The JAK–STAT pathway regulates bone homeostasis and is involved in the proliferation and differentiation of various cell types, including osteoblasts and osteoclasts [29,30]. Bellido et al. demonstrated that IL-6-type cytokines promote osteoblast differentiation, which is mediated by the activation of the JAK–STAT signaling pathway [31]. De Souza et al. have shown that the effect of oncostatin on osteoclastogenesis is mediated by the JAK–STAT/MAPK pathway [32]. As previously shown, the activation of the JAK–STAT signaling pathway strongly correlates with osteogenic differentiation of human bone marrow mesenchymal stem cells. Furthermore, immunomodulatory responses enhance osseointegration [33]. Sanpaolo et al. have provided a detailed overview of the involvement of the JAK–STAT pathway in bone remodeling, and have shown that further studies are needed to characterize the molecular mechanisms underlying these bone process [34]. Likewise, over a 12-week period, Depprich et al. evaluated the osseointegration of zirconia implants versus titanium implants. Their findings suggest that zirconia implants with altered surfaces achieve osseointegration equivalent to titanium implants [35], which is in line with the data shown in this study. Rausch et al. have shown that the behaviour of primary human gingival fibroblasts is primarily affected by surface structure, whereas no apparent advantage of zirconium over titanium has been observed [21]. Meanwhile, Sun et al. studied the effect of curcumin on osteosarcoma cells, hypothesizing that the inactivation of the JAK–STAT pathway has an impact on MG-63 cells [36]. Annamalai et al. reported that the anticancer effects of β-caryophyllene (BCP) promote apoptosis and inflammation via reactive oxygen species as a result of the activation of the JAK–STAT signaling pathway in MG-63 cells [37]. These findings suggest that the JAK–STAT pathway can be affected by various factors. Additionally, the activation of STAT1 and STAT3 proteins may trigger the activation of many genes involved in immunosuppression and the induction of tolerance [38,39,40].

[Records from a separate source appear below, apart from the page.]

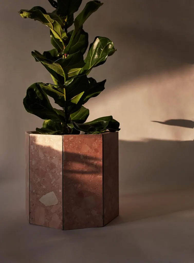 Contemporary Octagon Narcissus Planter / Pot In Pink Rosa Perlino Terrazzo
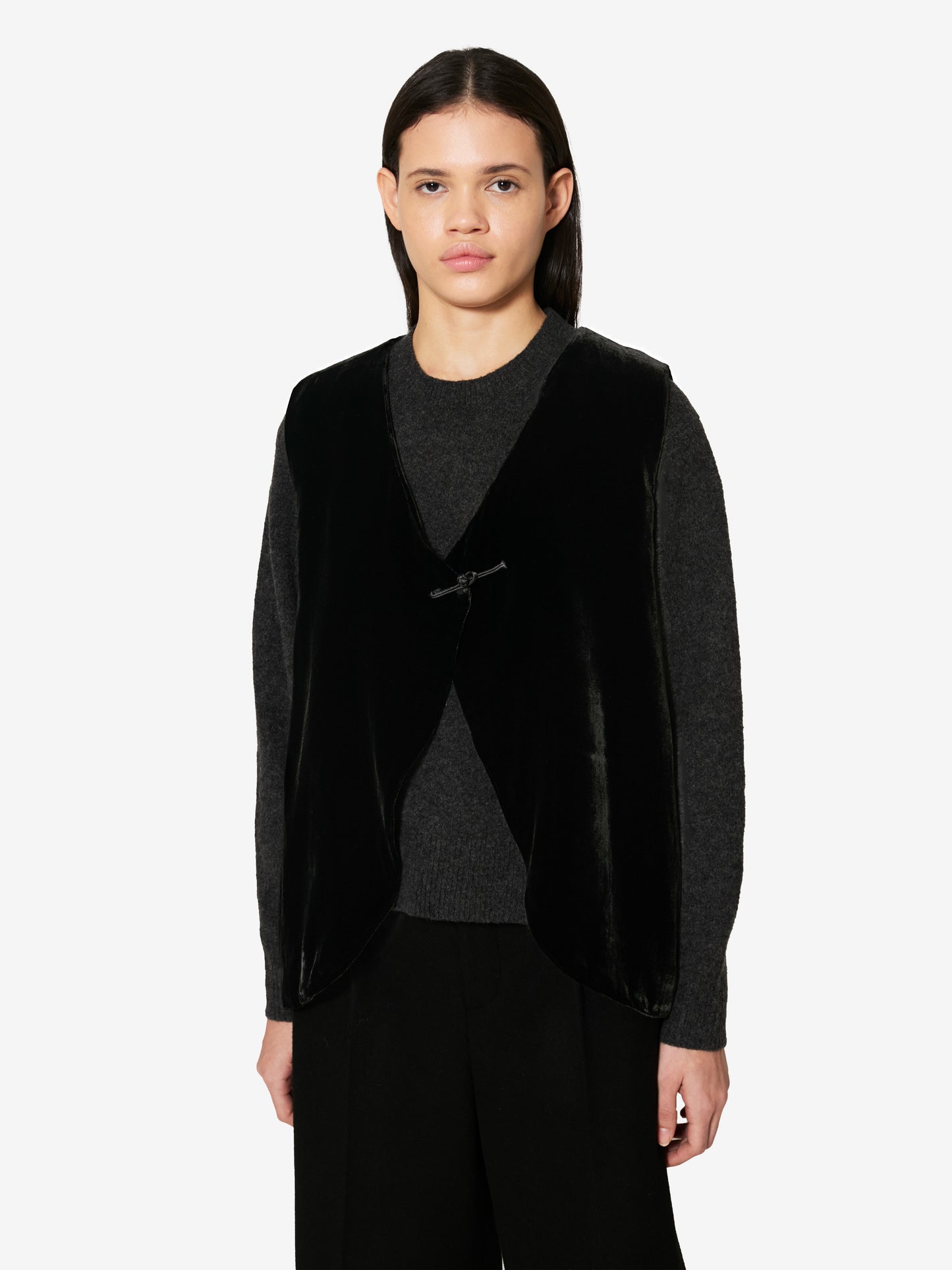 Sophisticated and timeless, this vest, newly introduced into the core collection, features a front handcrafted satin frog button closure. It merges design elements from past eras with modern culture.
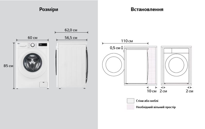 **Маєтсья на увазі збільшене максимальне завантаження при пранні з 9 кг до 11 кг для пральних машин LG у стандартному сегменті з глибиною корпусу від 50 см до 60 см.
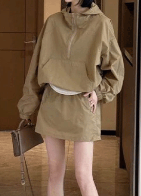 [블랙 당일발송]★목요특가 자정마감 50%★아노락 후드 점퍼&미니 스커트 2SET
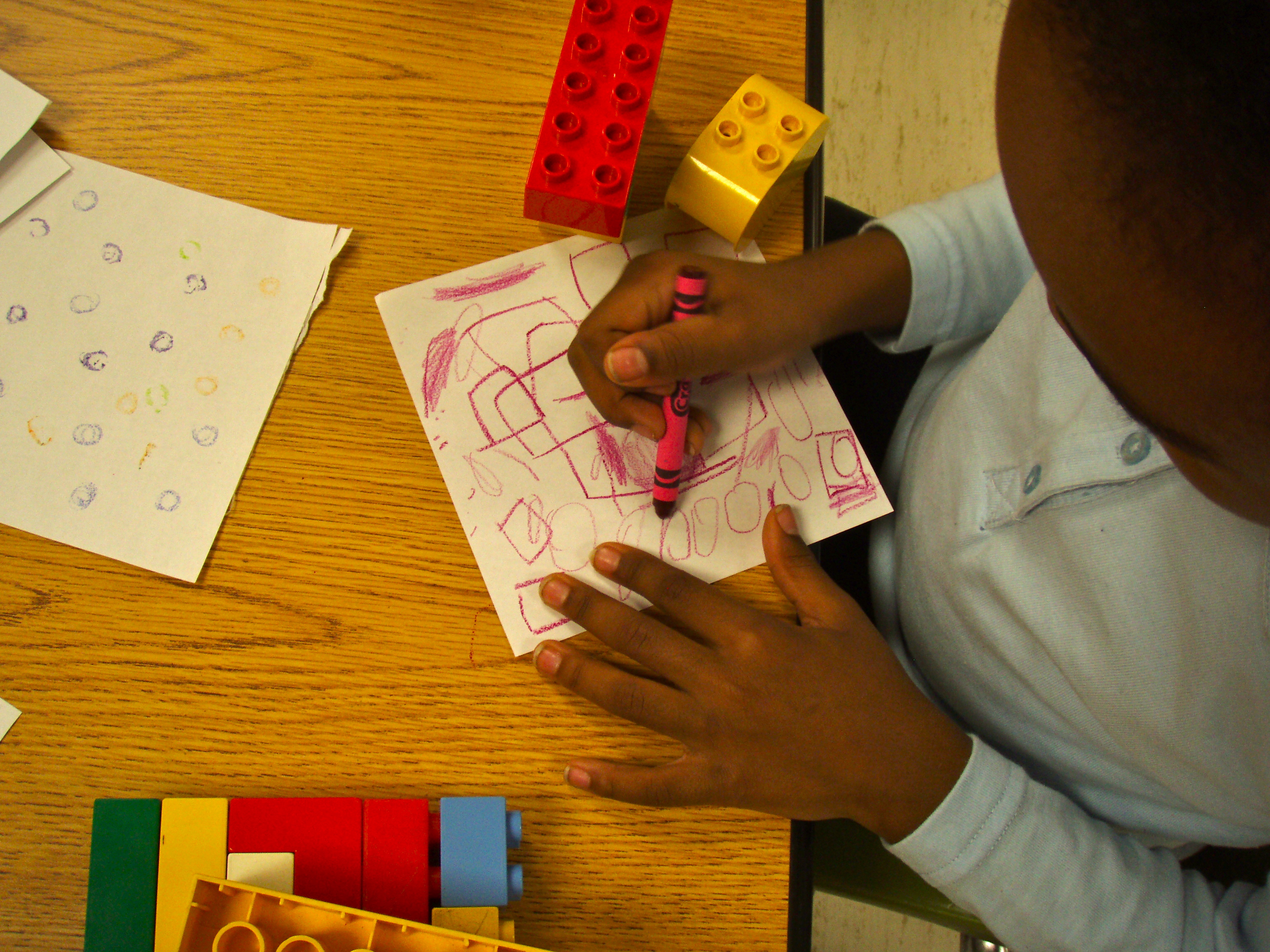 – playing in the writing center, with notebooks, loose paper, stencils, pencils, crayons, and markers;
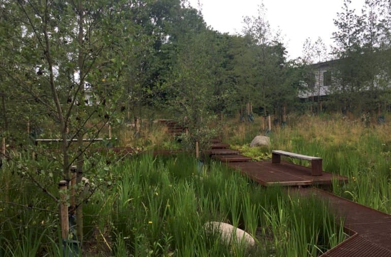 I den vestlige del af parken er der nu plantet nye elletræer, buske og stauder på et areal, som svarer til ca. en fodboldbane. Det nye område skal ikke bare give de besøgende en bedre naturoplevelse og booste biodiversiteten, men også sikre, at nærområdet fremover ikke står under vand, når skybrud rammer.
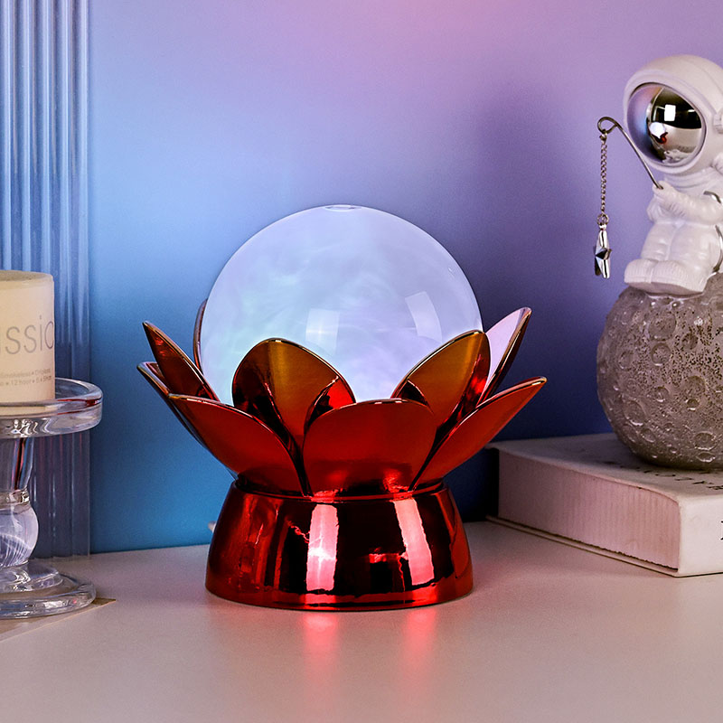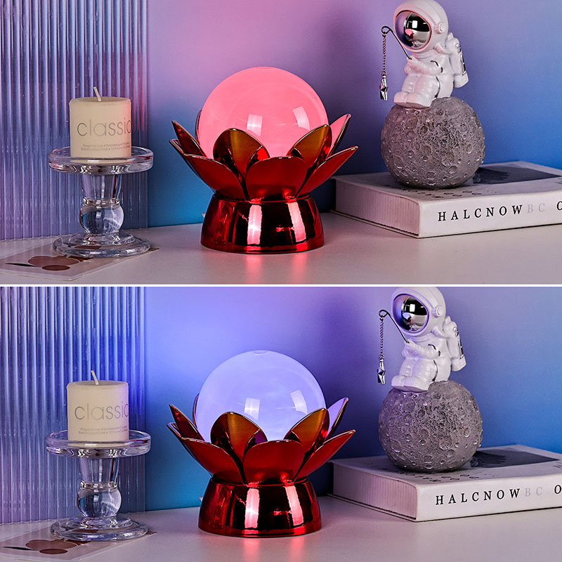 Czarująca lampka nocna Lotus Cloud Globe – hipnotyzujące połączenie designu inspirowanego naturą, kojącej atmosfery i nowoczesnej technologii. Ta elegancka lampa dekoracyjna ma półprzezroczystą szklaną kulę wypełnioną specjalnym płynem, który symuluje dryfujące chmury, tworząc spokojny, eteryczny efekt, gdy delikatnie wiruje i płynie. Zainspirowana świętym kwiatem lotosu, ta lampka nocna spoczywa na pięknie wykonanej metalowej podstawie w kształcie kwitnących płatków lotosu, symbolizującej czystość, pokój i duchowe przebudzenie.
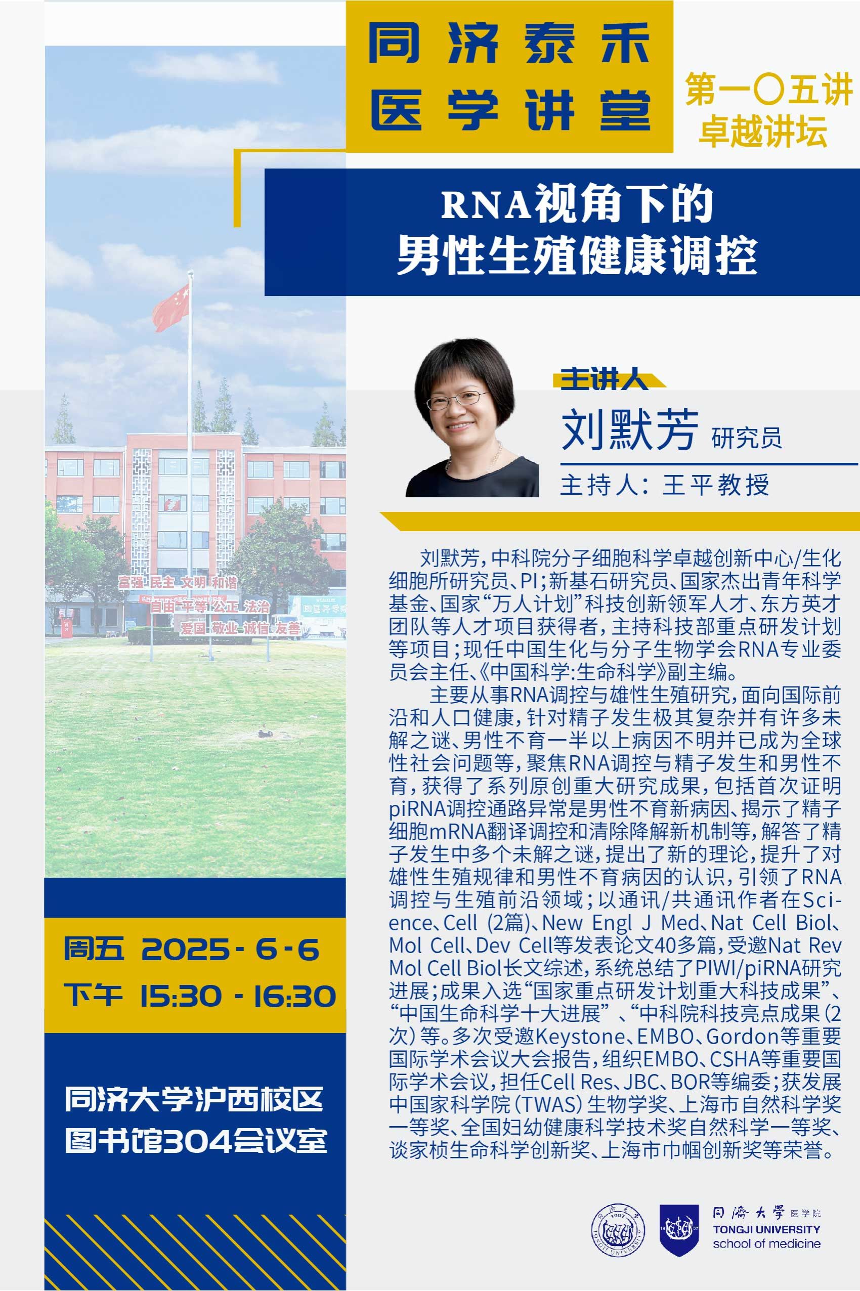 报告题目:RNA视角下的男性生殖健康调控
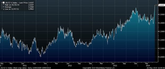 Aujourd’hui, nous allons regarder le ratio entre le prix du soya et du maïs qui est présentement à 2.61 pour la prochaine récolte et à 2.52 pour la récolte 2015/16.
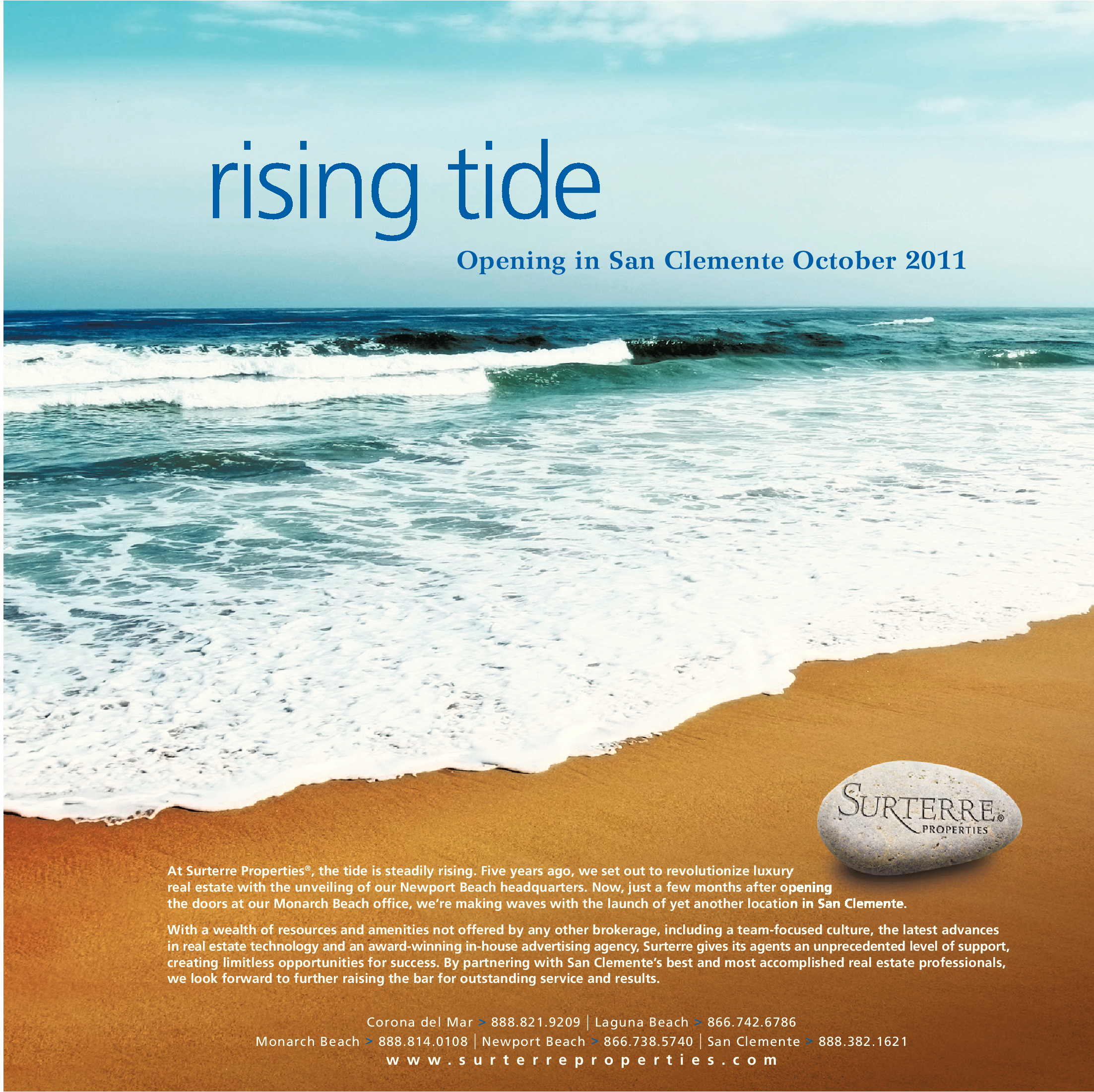 At Surterre Properties ® , the tide is steadily rising. Five years ago, we set out to revolutionize luxury real estate with the unveiling of our Newport Beach headquarters. Now, just a few months after opening the doors at our Monarch Beach office, we’re making waves with the launch of yet another location in San Clemente.

The present study demonstrates that STAT1, STAT3 and STAT6 are activated in MG-63 cells when cultivated on T or Z discs. However, the JAK–STAT pathway is not the only pathway that could be activated in cells upon incubation on the T and Z discs in response to human cytokines and growth factors. Therefore, other signaling pathways (e.g., Nuclear Factor kappa B) must be investigated in detail, as Pantouli et al. discussed the role of the P38 MAPK pathway in the induction of osteoprotegerin synthesis by MG-63 cells [41]. Further studies are required to understand in detail the molecular mechanisms underlying the bone remodeling process and interactions between the immune and bone systems.

5. Conclusions

In the current study, JAK–STAT pathway activation in the MG-63 cells was demonstrated using Western blot, flow cytometry and immunofluorescence methods. Upon stimulation with various cytokines STAT1, STAT3 and STAT6 were activated in the MG-63 cells when they were cultured on T and Z discs. Notably, the individual STAT activation patterns were cytokine-specific.

The JAK–STAT pathway could be activated in osteoblast-like MG-63 cells on zirconia in response to interferons and cytokines, and thus represents an alternative to titanium implants.